▶ [AVAILABLE DATA]
__________________________________________________
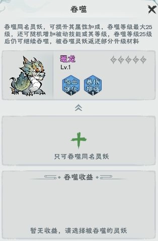 此外也可以多捕捉几只同种妖灵,然后进行同种吞噬,吞噬可以强化灵妖的基础属性和被动能力。假如道友想在前期以较低成本获得一位强大的助力,捕捉多只中低品阶的同种灵妖进行吞噬培养亦不失为一种选择
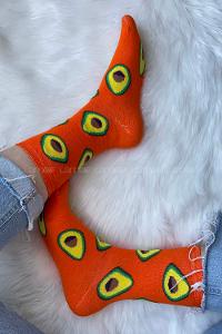 Modalamelif Avakado İşlemeli Soket Çorap Oranj
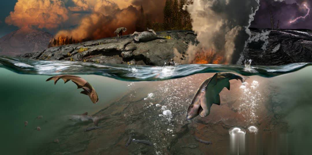 西伯利亚大陆溢流玄武岩喷发所导致的一系列包括古海洋持续性缺氧、地球快速增温和海洋酸化事件等极端环境事件,共同让地球表面呈现出一片万物凋零、毫无生机的凄惨景象,造就了地球演化历史上规模最大的生物大灭绝。
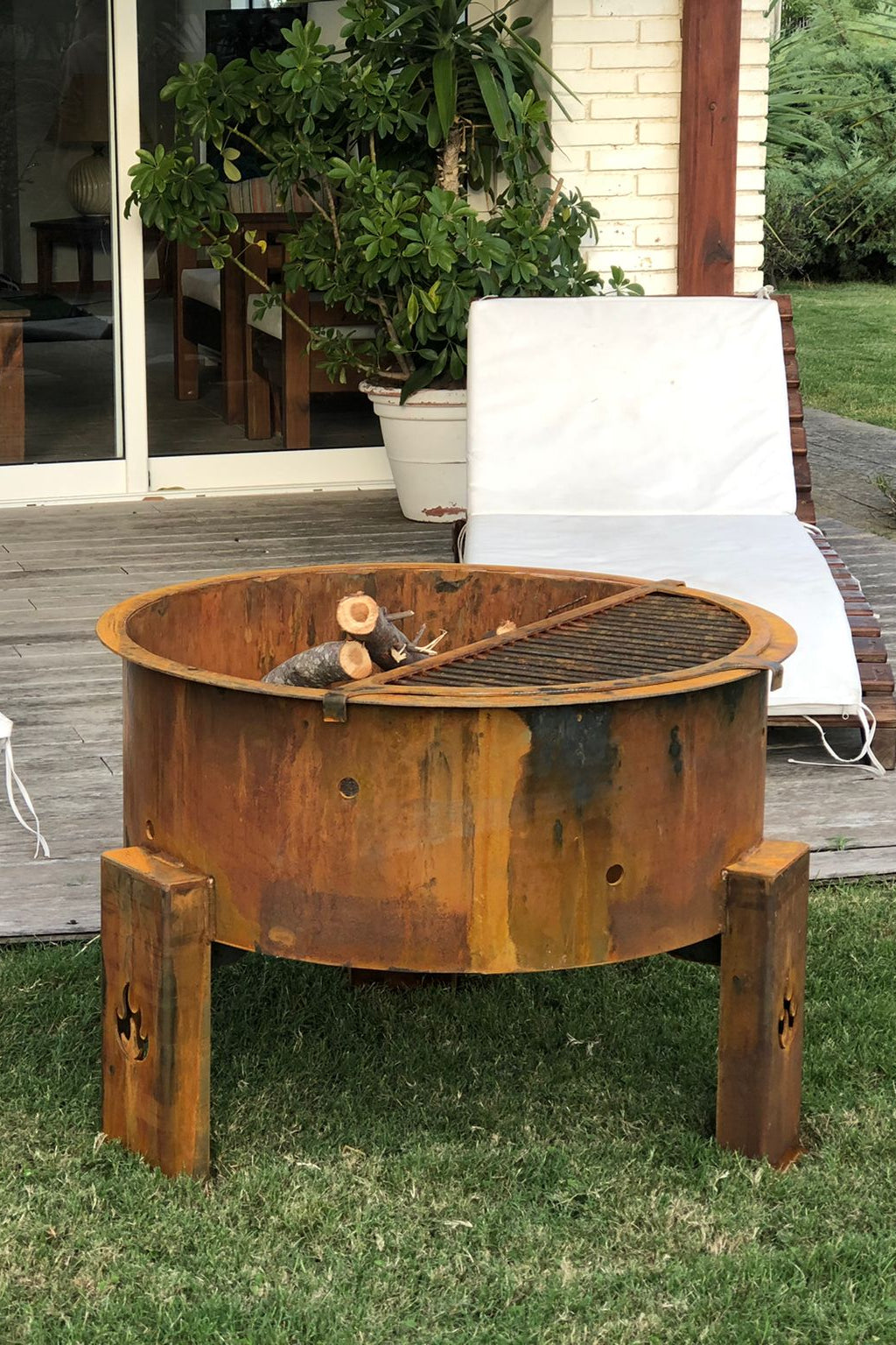 Apolo fue diseñado para quienes valoran el fuego como experiencia y como objeto funcional. Su estructura sólida en acero corten aporta presencia y durabilidad, integrándose con naturalidad en distintos espacios exteriores. Cuenta con plancha y parrilla independientes, lo que permite cocinar distintas preparaciones en simultáneo, aprovechando diferentes temperaturas y tiempos de cocción de forma práctica y ordenada.
__________________________________________________
▶ [REQUIRED WORK]
Once the pictures are set aside, give the listing again word for word.

▶ [EXERCISE SOLUTION]
 此外也可以多捕捉几只同种妖灵,然后进行同种吞噬,吞噬可以强化灵妖的基础属性和被动能力。假如道友想在前期以较低成本获得一位强大的助力,捕捉多只中低品阶的同种灵妖进行吞噬培养亦不失为一种选择
 Modalamelif Avakado İşlemeli Soket Çorap Oranj
 西伯利亚大陆溢流玄武岩喷发所导致的一系列包括古海洋持续性缺氧、地球快速增温和海洋酸化事件等极端环境事件,共同让地球表面呈现出一片万物凋零、毫无生机的凄惨景象,造就了地球演化历史上规模最大的生物大灭绝。
 Apolo fue diseñado para quienes valoran el fuego como experiencia y como objeto funcional. Su estructura sólida en acero corten aporta presencia y durabilidad, integrándose con naturalidad en distintos espacios exteriores. Cuenta con plancha y parrilla independientes, lo que permite cocinar distintas preparaciones en simultáneo, aprovechando diferentes temperaturas y tiempos de cocción de forma práctica y ordenada.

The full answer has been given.